There is currently very little evidence that morphological tokenizers help model performance [1]. For languages like German (where words get glued together) there is a bit more evidence (eg a paper I worked on [2]), but overall I start to suspect the bitter lesson is also true for tokenization.

[1] https://arxiv.org/pdf/2507.06378

[2] https://pieter.ai/bpe-knockout/

I never understood why people want this in the first place. Sure, making this step more human explainable would be nice and possibly even fix some very particular problems for particular languages, but it directly goes against the primary objective of a tokenizer: Optimizing sequence length vs. vocabulary size. This is a pretty clear and hard optimization target and the best you can do is make sure that your tokenizer training set more closely mimics your training and ultimately your inference data. Putting english or german grammar in there by force will only degrade every other language in the tokenzier, while we already know that limiting additional languages will hurt overall model performance. And the belief that you can encode a dataset of trillions of tokens into a more efficient vocabulary than a machine is kind of weird tbh. People have also accepted since the early convnet days that the best encoding representation for images in machine learning is not a human understandable one. Same goes for audio. So why should text be any different? If you really think so, you might also wanna have a go at feature engineering images. And it's not like people haven't tried that. But they all eventually learned their lesson.

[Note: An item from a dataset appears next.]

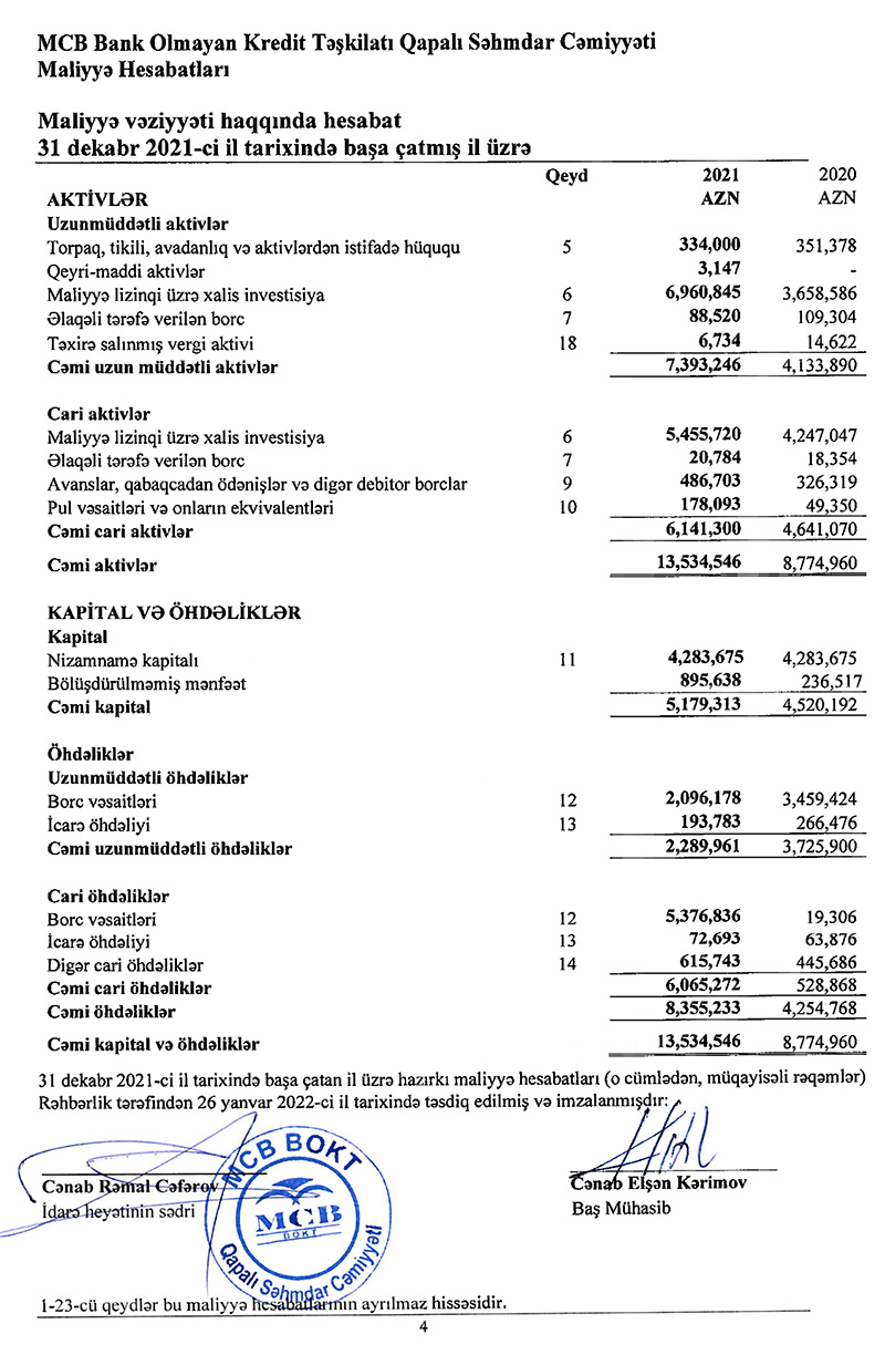 2020-ci illə müqayisədə 2021-ci ildə “MCB BOKT”un portfeli (maliyyə lizinqi üzrə xalis investisiya) 57% artaraq 12 milyon 416 min 565 manata yüksəlib. 2020-ci ilin sonunda şirkətin portfeli 7 milyon 905 min 633 manat təşkil etmişdi.

  • We usually build the tokenizer by optimizing for one goal (space-efficient encoding of text), then use it in a model that is trained for an entirely different goal (producing good text, "reasoning", "coding", etc). It is not immediately clear that the optimization goal for the tokenizer is actually the one that best serves the training of the llm.

    That's what all these attempts boil down to. They don't presume to be able to find a more space-efficient encoding by hand, they assume that the optimization goal for the tokenizer was wrong and they can do better by adding some extra rules. And this isn't entirely without precendent, most tokenizers have a couple of "forced" tokens that were not organically discovered. Moving around how digits are grouped in the tokenizer is another point where wins have been shown.

    This is where projects like nanochat are really valuable for quickly and (relatively) cheaply trying out various tweaks

    • >It is not immediately clear that the optimization goal for the tokenizer is actually the one that best serves the training of the llm.

      Except that is exactly what research has shown. Besides, the tokenizer's training goal is literally just to encode text efficiently with fewer tokens by increasing the vocabulary, which obviously directly benefits the attention mechanism if you look at the dimensions of involved matrices. The biggest issues so far have stemmed from variances between tokenizer and LLM training sets [1] and the fact that people primarily work with character based text and not word-part based text (even though that gets muddy when you look at what is actually happening in the brain) when doing anything in writing.

      [1] https://www.lesswrong.com/posts/aPeJE8bSo6rAFoLqg/solidgoldm...

  • If you want to make it more human-explainable, then ditch the entire tokenizer and just feed the models raw characters. Because now there is nothing to explain.

    • Then that means you need at least 4x the compute to achieve the same results as state of the art. Meaning that if I can train my frontier model with my normal tokenizer in 3 months, it will take you a year. When major releases across all competing providers are measured in months, there's simply no incentive to do that just to capture these fringe edge cases.